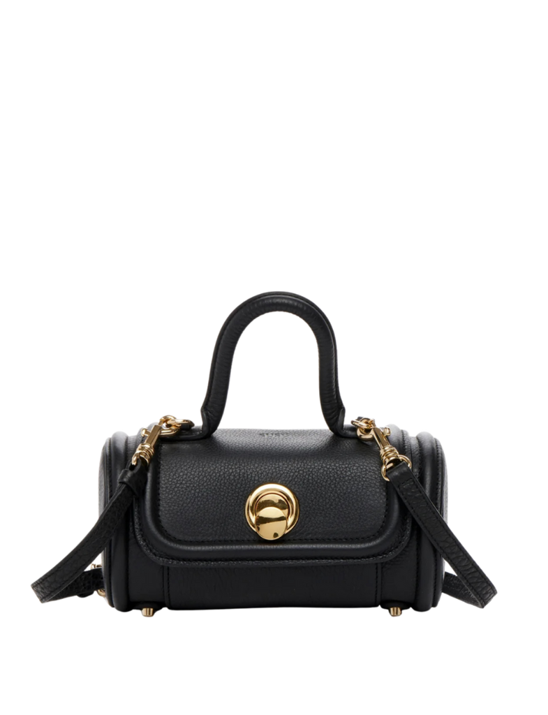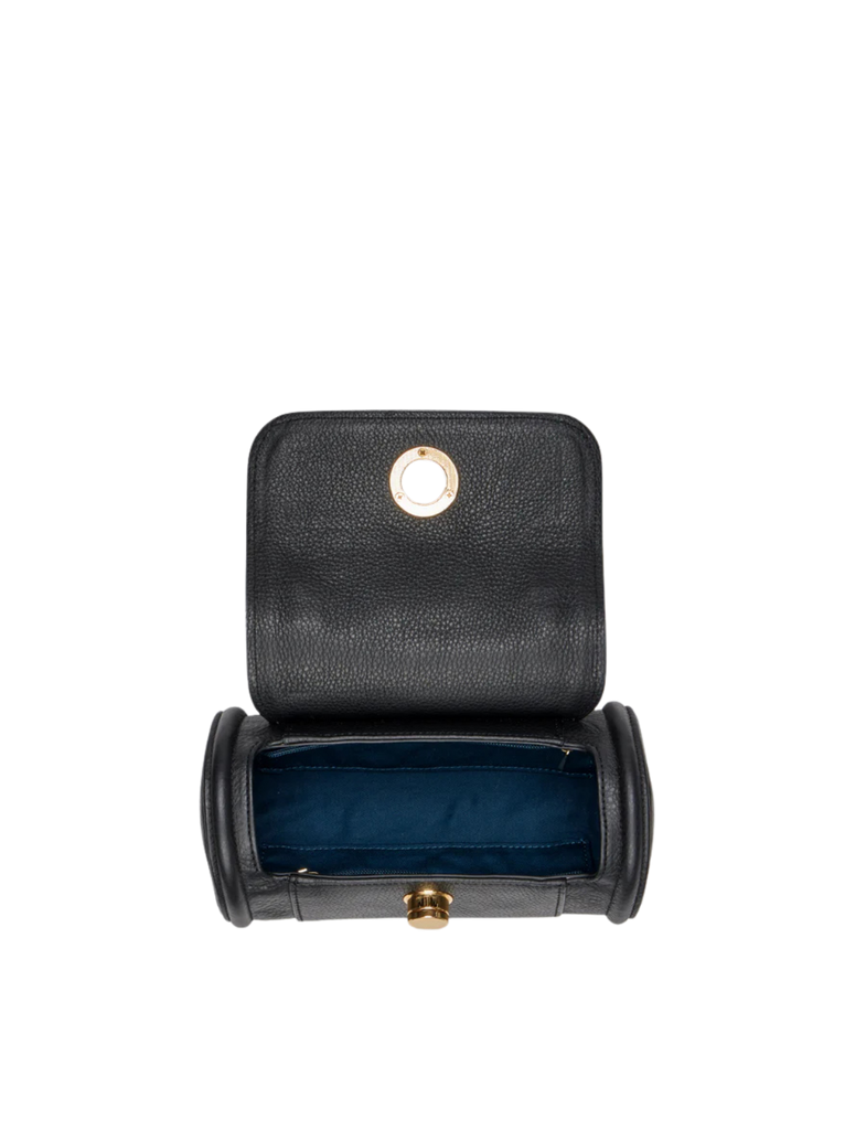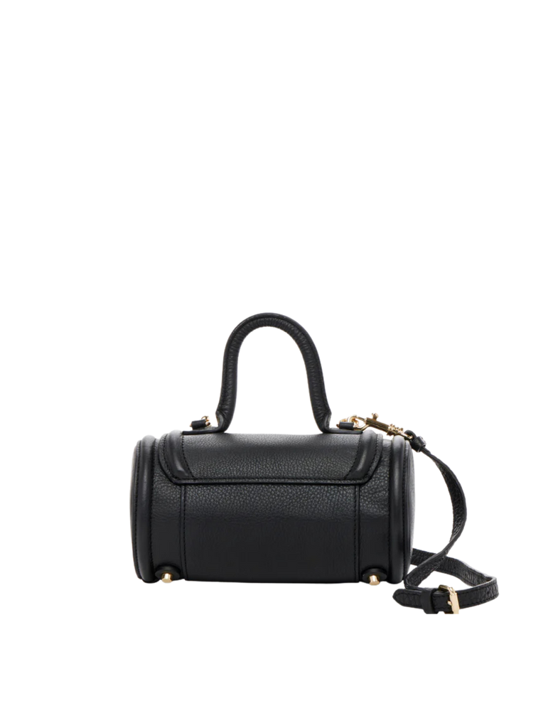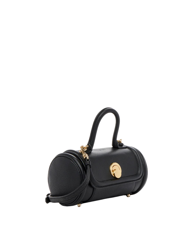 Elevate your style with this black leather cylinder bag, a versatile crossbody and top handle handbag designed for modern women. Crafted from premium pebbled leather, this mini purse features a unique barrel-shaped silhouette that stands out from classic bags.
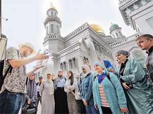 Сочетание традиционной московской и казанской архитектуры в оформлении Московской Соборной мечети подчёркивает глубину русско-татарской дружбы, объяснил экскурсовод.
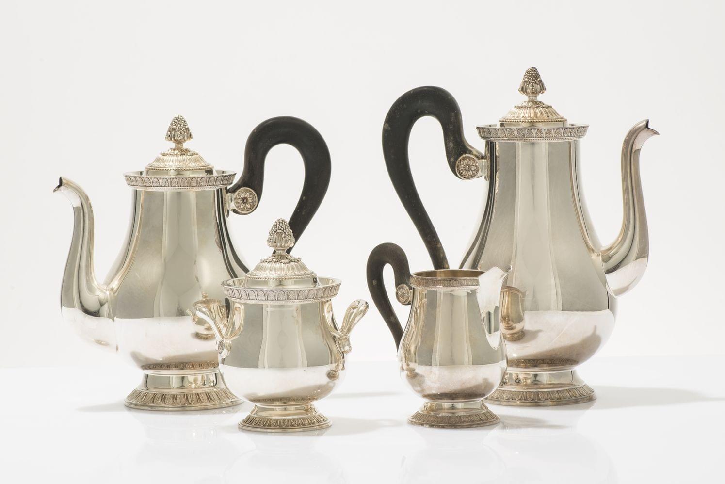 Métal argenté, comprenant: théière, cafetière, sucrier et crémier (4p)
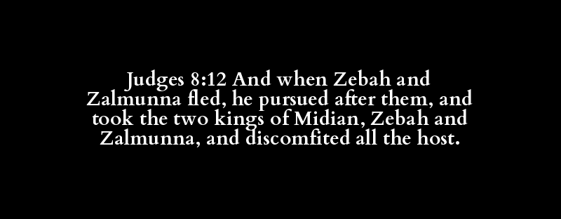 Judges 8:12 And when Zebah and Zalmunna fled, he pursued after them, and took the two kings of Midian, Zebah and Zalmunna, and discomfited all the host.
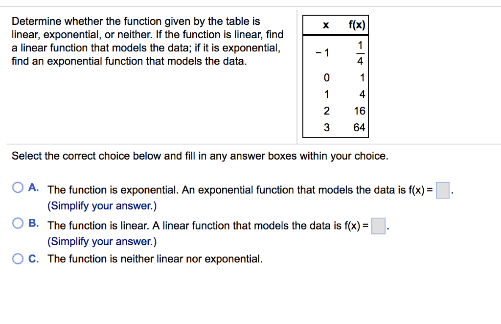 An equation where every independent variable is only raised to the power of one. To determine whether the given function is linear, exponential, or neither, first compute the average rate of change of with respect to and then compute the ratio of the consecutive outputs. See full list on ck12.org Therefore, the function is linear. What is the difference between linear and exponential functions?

* * *

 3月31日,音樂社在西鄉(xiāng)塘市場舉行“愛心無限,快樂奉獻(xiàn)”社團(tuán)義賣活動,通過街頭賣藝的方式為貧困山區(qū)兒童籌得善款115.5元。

--

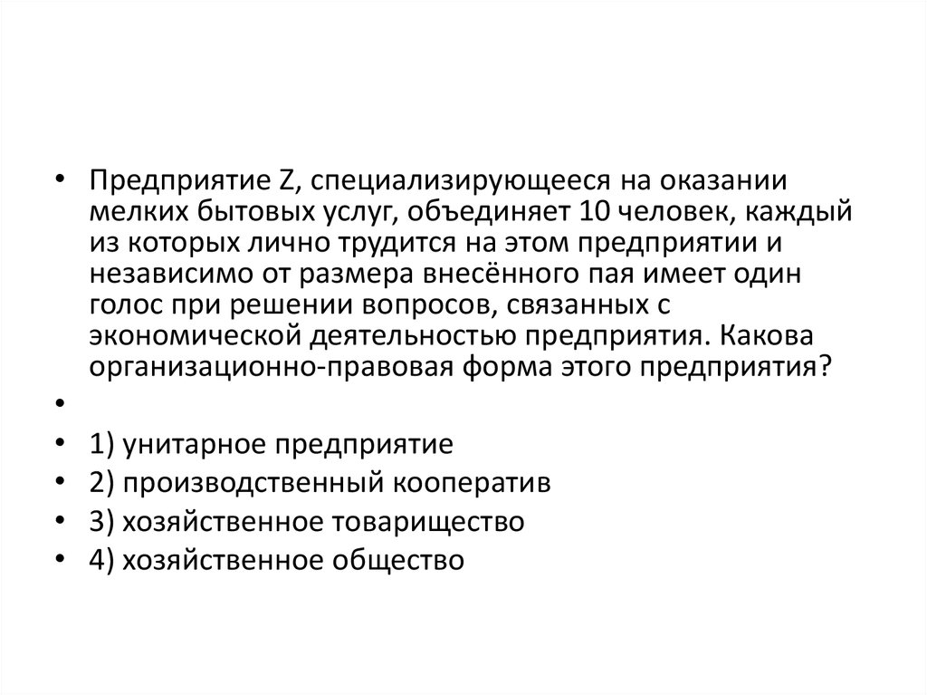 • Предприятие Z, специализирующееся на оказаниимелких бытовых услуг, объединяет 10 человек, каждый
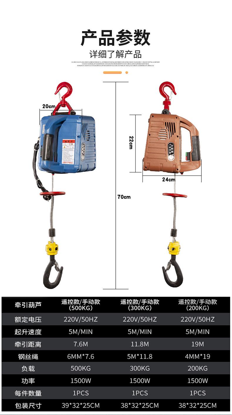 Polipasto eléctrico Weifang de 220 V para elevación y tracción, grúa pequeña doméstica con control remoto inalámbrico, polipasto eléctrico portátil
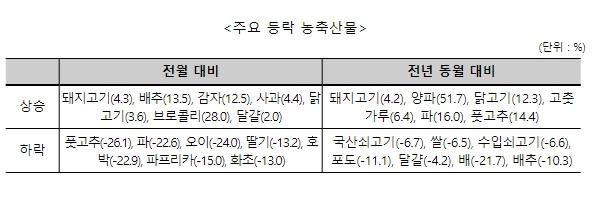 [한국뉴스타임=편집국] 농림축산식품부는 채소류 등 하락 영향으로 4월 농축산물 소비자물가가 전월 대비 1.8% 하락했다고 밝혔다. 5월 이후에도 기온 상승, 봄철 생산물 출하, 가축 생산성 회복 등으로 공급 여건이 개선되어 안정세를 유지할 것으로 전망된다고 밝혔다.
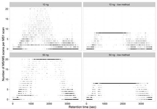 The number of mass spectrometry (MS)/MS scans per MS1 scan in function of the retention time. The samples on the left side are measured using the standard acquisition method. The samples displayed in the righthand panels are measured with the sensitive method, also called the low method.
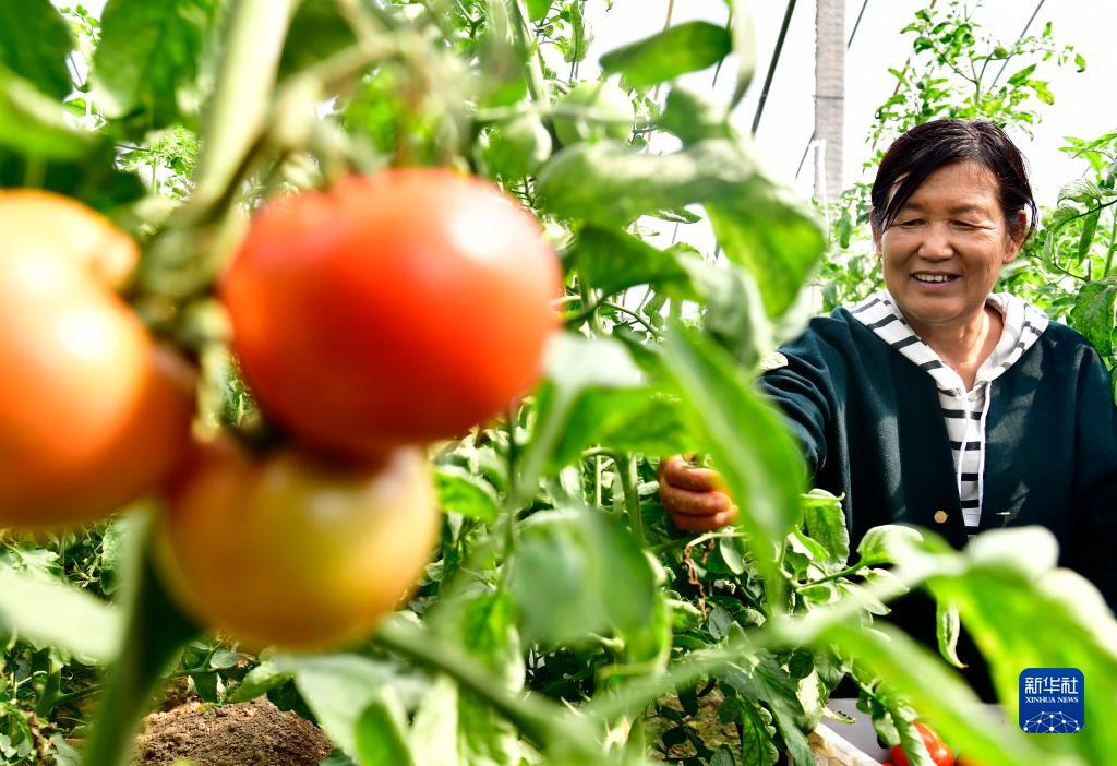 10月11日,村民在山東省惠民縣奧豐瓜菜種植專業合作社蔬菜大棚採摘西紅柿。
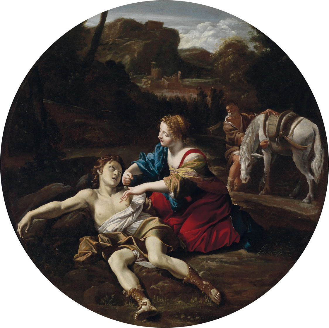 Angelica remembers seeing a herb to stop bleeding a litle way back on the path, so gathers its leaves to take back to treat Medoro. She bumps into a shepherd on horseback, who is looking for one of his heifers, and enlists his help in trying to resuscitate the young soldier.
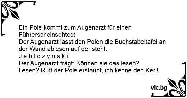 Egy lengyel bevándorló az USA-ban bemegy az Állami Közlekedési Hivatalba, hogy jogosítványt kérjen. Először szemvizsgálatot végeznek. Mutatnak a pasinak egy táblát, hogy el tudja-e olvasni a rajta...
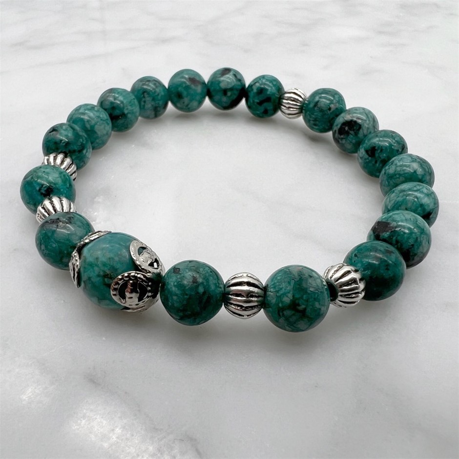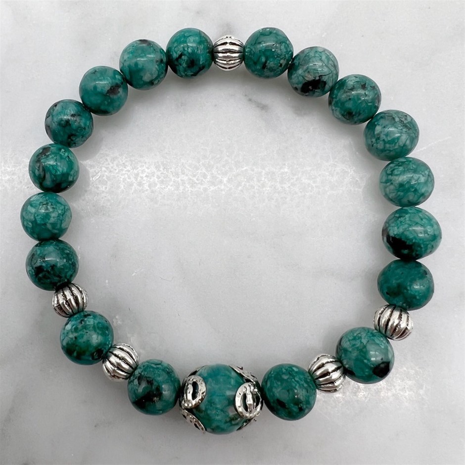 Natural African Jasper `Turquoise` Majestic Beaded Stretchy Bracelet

## EXERCISE INSTRUCTIONS
Write back word for word every line in the entries above from the one with "Elevate your style" to the one with "An equation where", ends included, and none of the pictures.

## REPLY
 Elevate your style with this black leather cylinder bag, a versatile crossbody and top handle handbag designed for modern women. Crafted from premium pebbled leather, this mini purse features a unique barrel-shaped silhouette that stands out from classic bags.
 Сочетание традиционной московской и казанской архитектуры в оформлении Московской Соборной мечети подчёркивает глубину русско-татарской дружбы, объяснил экскурсовод.
 Métal argenté, comprenant: théière, cafetière, sucrier et crémier (4p)
 Judges 8:12 And when Zebah and Zalmunna fled, he pursued after them, and took the two kings of Midian, Zebah and Zalmunna, and discomfited all the host.
 An equation where every independent variable is only raised to the power of one. To determine whether the given function is linear, exponential, or neither, first compute the average rate of change of with respect to and then compute the ratio of the consecutive outputs. See full list on ck12.org Therefore, the function is linear. What is the difference between linear and exponential functions?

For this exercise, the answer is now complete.